**The problem**
Reprint all of the data below exactly as shown and skip every image.

**Collected material**
::::

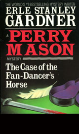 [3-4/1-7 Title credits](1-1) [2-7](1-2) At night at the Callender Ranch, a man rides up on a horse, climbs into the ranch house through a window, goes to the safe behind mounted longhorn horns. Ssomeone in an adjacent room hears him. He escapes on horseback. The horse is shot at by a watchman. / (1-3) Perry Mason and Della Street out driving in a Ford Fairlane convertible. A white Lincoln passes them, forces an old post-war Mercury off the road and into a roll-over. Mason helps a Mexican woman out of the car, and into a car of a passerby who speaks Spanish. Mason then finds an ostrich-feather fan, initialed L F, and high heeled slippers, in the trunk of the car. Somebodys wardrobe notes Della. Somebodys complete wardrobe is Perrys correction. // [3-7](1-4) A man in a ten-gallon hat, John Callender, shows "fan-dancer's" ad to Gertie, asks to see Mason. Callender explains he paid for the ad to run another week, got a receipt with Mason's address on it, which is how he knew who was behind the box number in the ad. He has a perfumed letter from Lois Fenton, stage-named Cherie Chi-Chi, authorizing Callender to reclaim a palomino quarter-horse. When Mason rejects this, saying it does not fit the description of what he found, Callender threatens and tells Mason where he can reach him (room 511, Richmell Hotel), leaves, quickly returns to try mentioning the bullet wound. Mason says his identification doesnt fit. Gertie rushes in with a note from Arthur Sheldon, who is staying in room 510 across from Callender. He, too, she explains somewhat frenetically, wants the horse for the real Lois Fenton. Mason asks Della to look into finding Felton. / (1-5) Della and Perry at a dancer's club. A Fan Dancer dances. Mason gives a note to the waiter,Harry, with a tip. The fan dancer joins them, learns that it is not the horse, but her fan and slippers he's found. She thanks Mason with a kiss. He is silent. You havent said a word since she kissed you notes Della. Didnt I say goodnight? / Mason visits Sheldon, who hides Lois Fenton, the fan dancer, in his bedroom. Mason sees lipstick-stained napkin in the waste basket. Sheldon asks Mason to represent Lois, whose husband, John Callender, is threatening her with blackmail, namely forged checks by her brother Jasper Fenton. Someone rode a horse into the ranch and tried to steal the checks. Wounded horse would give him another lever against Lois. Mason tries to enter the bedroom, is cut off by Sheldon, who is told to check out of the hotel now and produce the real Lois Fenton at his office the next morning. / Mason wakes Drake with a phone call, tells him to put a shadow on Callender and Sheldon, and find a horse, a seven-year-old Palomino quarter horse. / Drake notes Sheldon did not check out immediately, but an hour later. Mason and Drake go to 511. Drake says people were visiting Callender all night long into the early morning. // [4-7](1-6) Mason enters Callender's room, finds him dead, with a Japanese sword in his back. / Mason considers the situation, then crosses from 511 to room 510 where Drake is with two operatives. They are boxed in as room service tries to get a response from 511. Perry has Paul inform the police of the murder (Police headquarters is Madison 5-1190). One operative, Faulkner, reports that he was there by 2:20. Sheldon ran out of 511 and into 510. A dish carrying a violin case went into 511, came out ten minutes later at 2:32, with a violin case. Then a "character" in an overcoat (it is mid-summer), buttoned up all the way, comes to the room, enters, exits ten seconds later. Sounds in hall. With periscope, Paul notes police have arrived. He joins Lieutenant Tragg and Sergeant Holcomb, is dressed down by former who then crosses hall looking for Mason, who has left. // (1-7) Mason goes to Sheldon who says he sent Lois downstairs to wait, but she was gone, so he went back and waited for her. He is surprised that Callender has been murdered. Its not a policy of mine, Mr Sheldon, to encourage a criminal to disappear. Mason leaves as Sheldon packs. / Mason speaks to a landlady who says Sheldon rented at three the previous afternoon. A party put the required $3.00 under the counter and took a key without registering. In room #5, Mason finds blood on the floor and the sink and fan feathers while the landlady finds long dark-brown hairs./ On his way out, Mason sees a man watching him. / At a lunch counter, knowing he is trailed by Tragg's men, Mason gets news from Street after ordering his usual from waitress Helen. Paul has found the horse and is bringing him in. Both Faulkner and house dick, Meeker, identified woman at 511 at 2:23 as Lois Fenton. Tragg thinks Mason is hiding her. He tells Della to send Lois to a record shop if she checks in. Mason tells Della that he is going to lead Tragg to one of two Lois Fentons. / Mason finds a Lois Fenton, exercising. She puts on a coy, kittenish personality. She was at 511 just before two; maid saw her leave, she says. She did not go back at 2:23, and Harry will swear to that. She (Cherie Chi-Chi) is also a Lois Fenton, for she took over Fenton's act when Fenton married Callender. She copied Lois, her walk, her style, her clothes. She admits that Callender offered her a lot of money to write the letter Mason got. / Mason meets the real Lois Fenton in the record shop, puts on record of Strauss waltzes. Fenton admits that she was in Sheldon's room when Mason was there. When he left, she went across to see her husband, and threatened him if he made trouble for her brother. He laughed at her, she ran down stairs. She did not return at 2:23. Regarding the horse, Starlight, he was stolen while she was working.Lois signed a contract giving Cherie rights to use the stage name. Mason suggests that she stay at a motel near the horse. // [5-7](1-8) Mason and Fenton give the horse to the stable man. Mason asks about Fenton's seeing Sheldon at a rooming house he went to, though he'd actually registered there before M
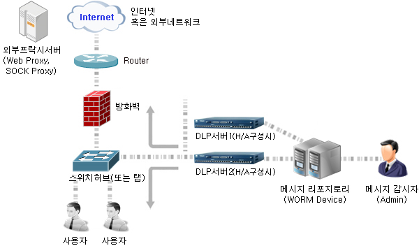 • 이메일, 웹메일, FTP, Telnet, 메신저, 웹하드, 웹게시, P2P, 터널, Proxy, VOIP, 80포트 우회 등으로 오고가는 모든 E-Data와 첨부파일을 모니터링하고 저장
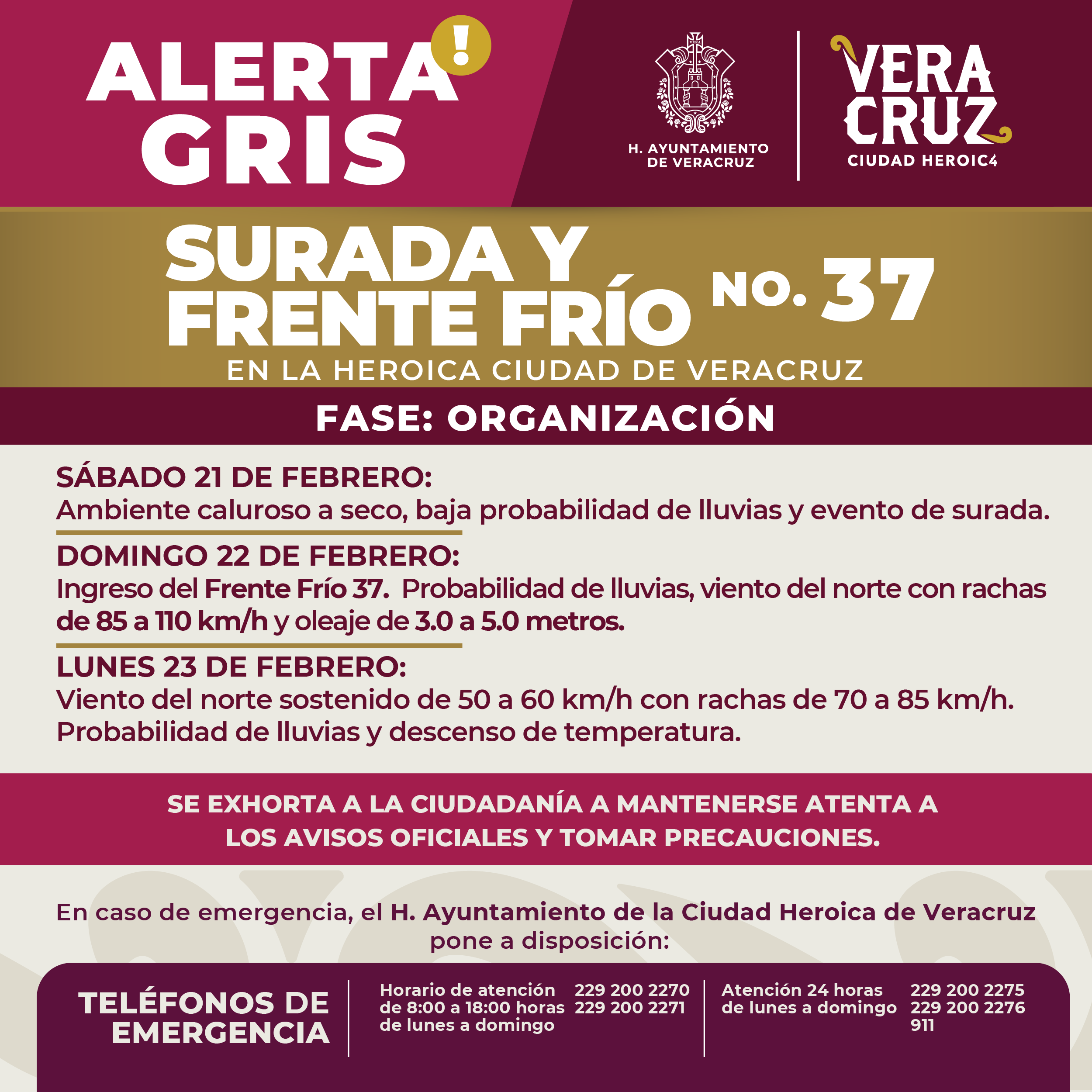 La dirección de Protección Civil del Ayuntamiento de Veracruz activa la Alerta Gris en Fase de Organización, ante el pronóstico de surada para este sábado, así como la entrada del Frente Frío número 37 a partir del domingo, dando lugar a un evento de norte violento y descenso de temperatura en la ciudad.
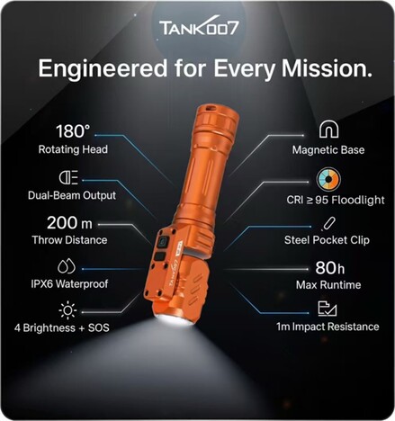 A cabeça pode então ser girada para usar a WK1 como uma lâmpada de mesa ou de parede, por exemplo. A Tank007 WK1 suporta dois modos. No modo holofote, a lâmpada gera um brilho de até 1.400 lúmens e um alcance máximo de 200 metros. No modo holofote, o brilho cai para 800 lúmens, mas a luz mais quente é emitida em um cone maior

::::

**Answer box**
 [3-4/1-7 Title credits](1-1) [2-7](1-2) At night at the Callender Ranch, a man rides up on a horse, climbs into the ranch house through a window, goes to the safe behind mounted longhorn horns. Ssomeone in an adjacent room hears him. He escapes on horseback. The horse is shot at by a watchman. / (1-3) Perry Mason and Della Street out driving in a Ford Fairlane convertible. A white Lincoln passes them, forces an old post-war Mercury off the road and into a roll-over. Mason helps a Mexican woman out of the car, and into a car of a passerby who speaks Spanish. Mason then finds an ostrich-feather fan, initialed L F, and high heeled slippers, in the trunk of the car. Somebodys wardrobe notes Della. Somebodys complete wardrobe is Perrys correction. // [3-7](1-4) A man in a ten-gallon hat, John Callender, shows "fan-dancer's" ad to Gertie, asks to see Mason. Callender explains he paid for the ad to run another week, got a receipt with Mason's address on it, which is how he knew who was behind the box number in the ad. He has a perfumed letter from Lois Fenton, stage-named Cherie Chi-Chi, authorizing Callender to reclaim a palomino quarter-horse. When Mason rejects this, saying it does not fit the description of what he found, Callender threatens and tells Mason where he can reach him (room 511, Richmell Hotel), leaves, quickly returns to try mentioning the bullet wound. Mason says his identification doesnt fit. Gertie rushes in with a note from Arthur Sheldon, who is staying in room 510 across from Callender. He, too, she explains somewhat frenetically, wants the horse for the real Lois Fenton. Mason asks Della to look into finding Felton. / (1-5) Della and Perry at a dancer's club. A Fan Dancer dances. Mason gives a note to the waiter,Harry, with a tip. The fan dancer joins them, learns that it is not the horse, but her fan and slippers he's found. She thanks Mason with a kiss. He is silent. You havent said a word since she kissed you notes Della. Didnt I say goodnight? / Mason visits Sheldon, who hides Lois Fenton, the fan dancer, in his bedroom. Mason sees lipstick-stained napkin in the waste basket. Sheldon asks Mason to represent Lois, whose husband, John Callender, is threatening her with blackmail, namely forged checks by her brother Jasper Fenton. Someone rode a horse into the ranch and tried to steal the checks. Wounded horse would give him another lever against Lois. Mason tries to enter the bedroom, is cut off by Sheldon, who is told to check out of the hotel now and produce the real Lois Fenton at his office the next morning. / Mason wakes Drake with a phone call, tells him to put a shadow on Callender and Sheldon, and find a horse, a seven-year-old Palomino quarter horse. / Drake notes Sheldon did not check out immediately, but an hour later. Mason and Drake go to 511. Drake says people were visiting Callender all night long into the early morning. // [4-7](1-6) Mason enters Callender's room, finds him dead, with a Japanese sword in his back. / Mason considers the situation, then crosses from 511 to room 510 where Drake is with two operatives. They are boxed in as room service tries to get a response from 511. Perry has Paul inform the police of the murder (Police headquarters is Madison 5-1190). One operative, Faulkner, reports that he was there by 2:20. Sheldon ran out of 511 and into 510. A dish carrying a violin case went into 511, came out ten minutes later at 2:32, with a violin case. Then a "character" in an overcoat (it is mid-summer), buttoned up all the way, comes to the room, enters, exits ten seconds later. Sounds in hall. With periscope, Paul notes police have arrived. He joins Lieutenant Tragg and Sergeant Holcomb, is dressed down by former who then crosses hall looking for Mason, who has left. // (1-7) Mason goes to Sheldon who says he sent Lois downstairs to wait, but she was gone, so he went back and waited for her. He is surprised that Callender has been murdered. Its not a policy of mine, Mr Sheldon, to encourage a criminal to disappear. Mason leaves as Sheldon packs. / Mason speaks to a landlady who says Sheldon rented at three the previous afternoon. A party put the required $3.00 under the counter and took a key without registering. In room #5, Mason finds blood on the floor and the sink and fan feathers while the landlady finds long dark-brown hairs./ On his way out, Mason sees a man watching him. / At a lunch counter, knowing he is trailed by Tragg's men, Mason gets news from Street after ordering his usual from waitress Helen. Paul has found the horse and is bringing him in. Both Faulkner and house dick, Meeker, identified woman at 511 at 2:23 as Lois Fenton. Tragg thinks Mason is hiding her. He tells Della to send Lois to a record shop if she checks in. Mason tells Della that he is going to lead Tragg to one of two Lois Fentons. / Mason finds a Lois Fenton, exercising. She puts on a coy, kittenish personality. She was at 511 just before two; maid saw her leave, she says. She did not go back at 2:23, and Harry will swear to that. She (Cherie Chi-Chi) is also a Lois Fenton, for she took over Fenton's act when Fenton married Callender. She copied Lois, her walk, her style, her clothes. She admits that Callender offered her a lot of money to write the letter Mason got. / Mason meets the real Lois Fenton in the record shop, puts on record of Strauss waltzes. Fenton admits that she was in Sheldon's room when Mason was there. When he left, she went across to see her husband, and threatened him if he made trouble for her brother. He laughed at her, she ran down stairs. She did not return at 2:23. Regarding the horse, Starlight, he was stolen while she was working.Lois signed a contract giving Cherie rights to use the stage name. Mason suggests that she stay at a motel near the horse. // [5-7](1-8) Mason and Fenton give the horse to the stable man. Mason asks about Fenton's seeing Sheldon at a rooming house he went to, though he'd actually registered there before M
 • 이메일, 웹메일, FTP, Telnet, 메신저, 웹하드, 웹게시, P2P, 터널, Proxy, VOIP, 80포트 우회 등으로 오고가는 모든 E-Data와 첨부파일을 모니터링하고 저장
 La dirección de Protección Civil del Ayuntamiento de Veracruz activa la Alerta Gris en Fase de Organización, ante el pronóstico de surada para este sábado, así como la entrada del Frente Frío número 37 a partir del domingo, dando lugar a un evento de norte violento y descenso de temperatura en la ciudad.
 A cabeça pode então ser girada para usar a WK1 como uma lâmpada de mesa ou de parede, por exemplo. A Tank007 WK1 suporta dois modos. No modo holofote, a lâmpada gera um brilho de até 1.400 lúmens e um alcance máximo de 200 metros. No modo holofote, o brilho cai para 800 lúmens, mas a luz mais quente é emitida em um cone maior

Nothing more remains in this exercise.